Fuck the view. Well no, I love the view or did, but this is serious. This is a buttload of oil and they still have no real idea how to stave it off. At the least it will reach Valdez levels. Oh yeah it is less viscous and that should reassure us. Fuck us we just eat species to extinction anyway. We ring in the nose red state inbreds deserve it. The seas will burn says the blackest crow. Will you eat oysters from the gulf now? You did before when you closed your eyes to the crap you dumped into the Mississippi.
I am running around the same greasy maze now. I am bleary eyed with it. I am impotent. I sign a petition and go to bed while the world melts into a pile of sludge. I am useless.
Thief13x on 2/5/2010 at 05:26
dude, what's it gonna be like 3 years from now?
Blue skies, blue ocean, and the same bs problems we've always had with extinction and our insatiable desire for the amazing taste that seafood offers and black gold in the same breath. This 'oil slick' is a record sure, but so is the rate of government spending, the deficit, and the exempt number of tax payers.
It's not all going to hell in a handbasket, and even if it was we sure as hell aint the folks who are gonna stop it. Now good night, my Digiorno is ready and it's straight up beef and pig. I wish the bluefinn the best of luck Vivian, but chances are if we don't eat all of the fuckers our children will.
Tocky on 2/5/2010 at 05:48
Yeah. We eat the world. That makes it okay. NO. This is differerent. This is a cove of interconnected systems, however large. This is some major shit. Yeah, we are going to collapse in a fiancial greed clusterfuck. So what? This will last forever. Finance is momentary. Have you felt the tickle of fish against your skin? Have you felt the pull on your line and know it could be anything? ANYTHING?
We are fucked. Take my word. Never again is a terrible thing.
frozenman on 2/5/2010 at 21:17
:(
Are there any sorts of microbial genetically engineered organisms we can use to fight the slick? I keep reading about the oil getting stuck in marshlands and other coastal areas and it becoming nearly impossible to wash-out by hand, as opposed to say rocks. a) I'm not really sure if such a thing exists and b) Introducing some engineered organism into a huge ecosystem is probably kind of a no-no, but in light of the alternatives maybe it becomes more comprehensible?
Tocky on 3/5/2010 at 17:25
Vivian will enjoy hearing they have now banned all fishing in the gulf. All the fish including endangered ones can now die a natural oil related death. But BP has employed some of the fishing fleet (heretofore known as "you fuckers") to contain the spill. That should salve the wound of losing thier livelyhood. BP has also offered Alabama coastal residents 5000 dollars each to sign waver not to sue. I don't think they got any takers from the stunned residents who have lost thier way of life though.

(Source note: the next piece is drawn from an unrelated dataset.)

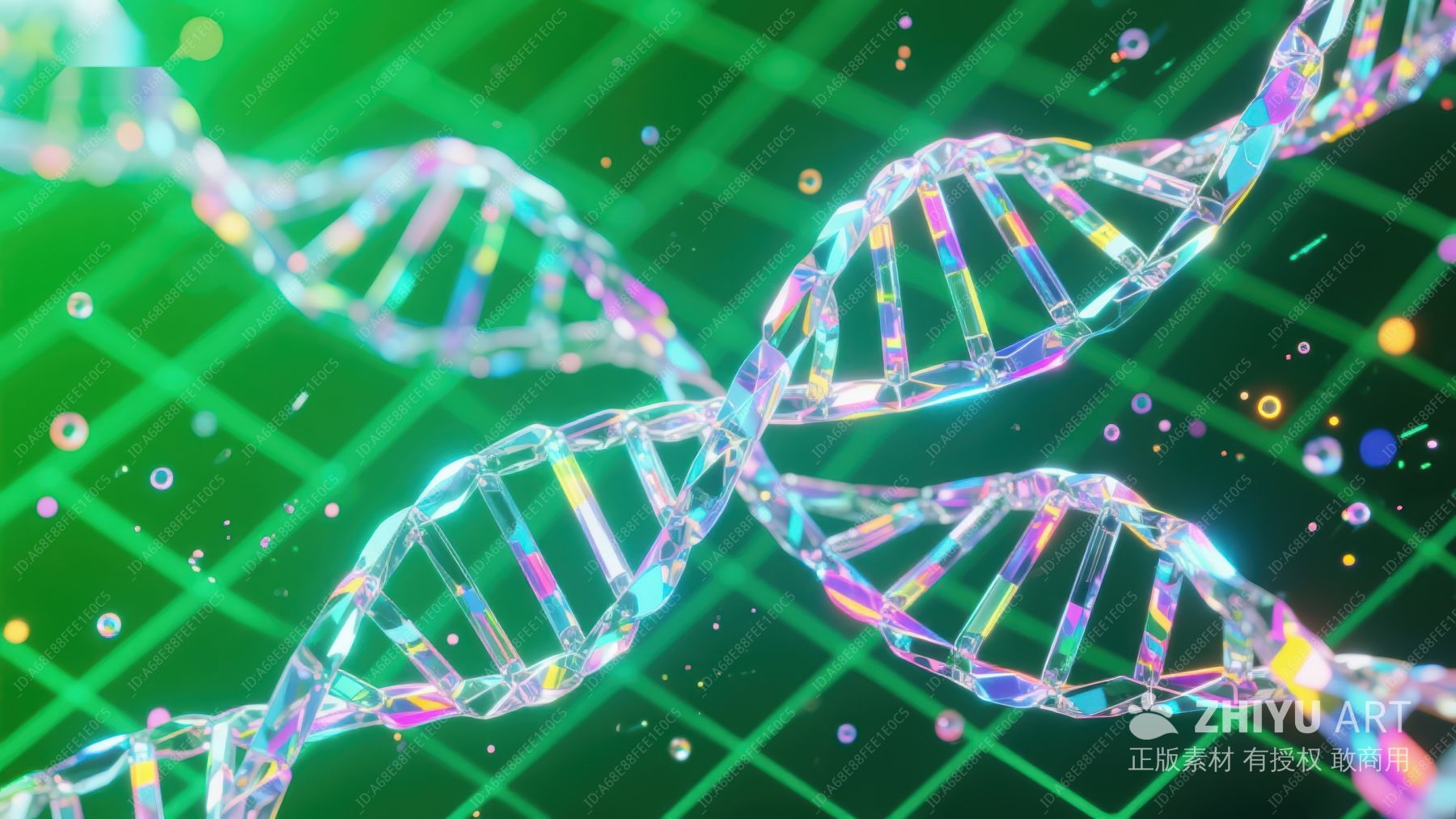 在黑色背景下,呈现发光的基因链,一些DNA珠子缺失

That's BRITTISH Petroleum. I think I now understand the blame shifting and redirection earlier in this thread. Or perhaps I have jumped to a conclusion.
Tourism gone. Estuaries gone. Shrimp, oysters, clams, fish, crab, even the damnable jellyfish gone. It could reach Floridas coral reef, one of the few left, and we all know how they react to any contaminant. Billions in lost dollars as well, if I may mention the filthy lucre, but that's not what anyone on the coast is worried about.
Maybe it won't be so bad. Maybe.
Aerothorn on 3/5/2010 at 18:52
On the Karmic side, BP stock has already lost $20 billion in stock value and is continuing downward, so - while in no way comparable to the destruction of an ecosystem - it's not like they're getting away unscathed.